*EXERCISE DIRECTIONS*. Given the entries below, would you transcribe exactly the lines starting at the one with "Động cơ xe hoạt" and ending at the one with "여자는 창포물에 머리", both kept, pictures omitted, nothing extra?

*RECORDED INFORMATION*.
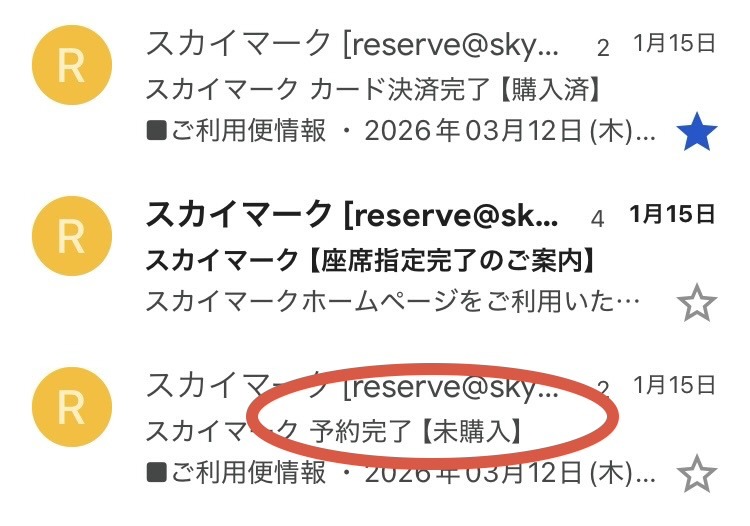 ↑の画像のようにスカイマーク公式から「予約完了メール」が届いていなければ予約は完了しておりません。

...

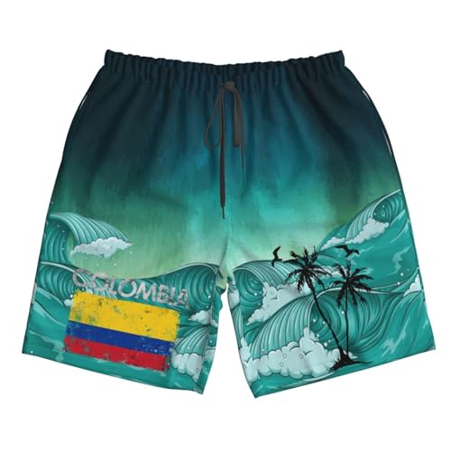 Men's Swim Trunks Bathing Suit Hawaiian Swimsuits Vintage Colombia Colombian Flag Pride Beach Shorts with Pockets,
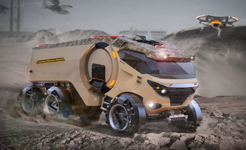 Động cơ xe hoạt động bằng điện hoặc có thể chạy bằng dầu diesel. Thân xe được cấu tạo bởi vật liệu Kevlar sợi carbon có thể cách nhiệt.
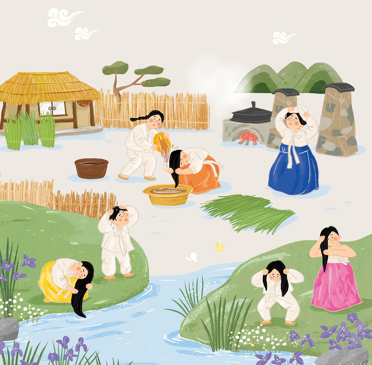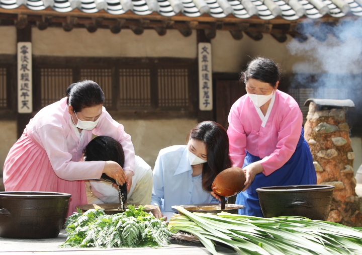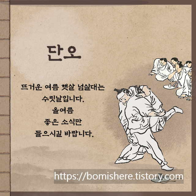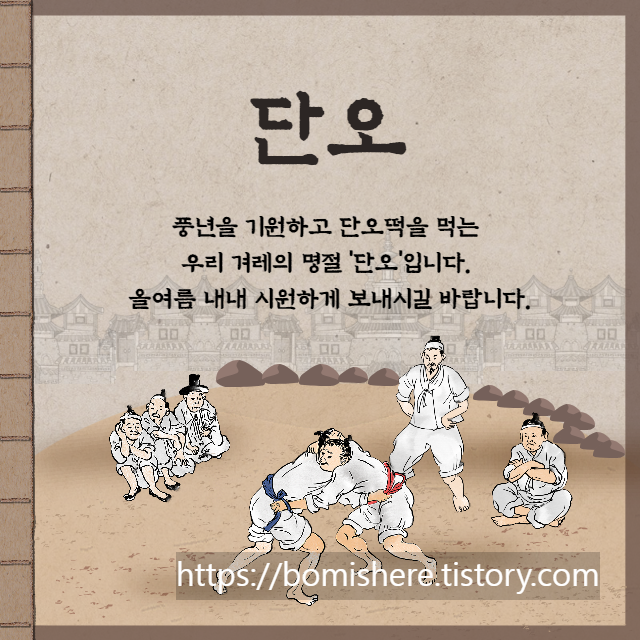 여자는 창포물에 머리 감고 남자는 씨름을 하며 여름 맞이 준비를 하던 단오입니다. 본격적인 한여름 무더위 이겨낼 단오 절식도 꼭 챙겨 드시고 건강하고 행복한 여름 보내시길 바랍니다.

--

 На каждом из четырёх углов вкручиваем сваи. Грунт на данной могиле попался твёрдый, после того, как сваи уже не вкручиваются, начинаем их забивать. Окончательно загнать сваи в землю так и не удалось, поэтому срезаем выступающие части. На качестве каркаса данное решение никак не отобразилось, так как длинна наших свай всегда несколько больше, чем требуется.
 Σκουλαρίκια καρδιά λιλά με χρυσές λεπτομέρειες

*ANSWER TO THE EXERCISE*.
 Động cơ xe hoạt động bằng điện hoặc có thể chạy bằng dầu diesel. Thân xe được cấu tạo bởi vật liệu Kevlar sợi carbon có thể cách nhiệt.
 여자는 창포물에 머리 감고 남자는 씨름을 하며 여름 맞이 준비를 하던 단오입니다. 본격적인 한여름 무더위 이겨낼 단오 절식도 꼭 챙겨 드시고 건강하고 행복한 여름 보내시길 바랍니다.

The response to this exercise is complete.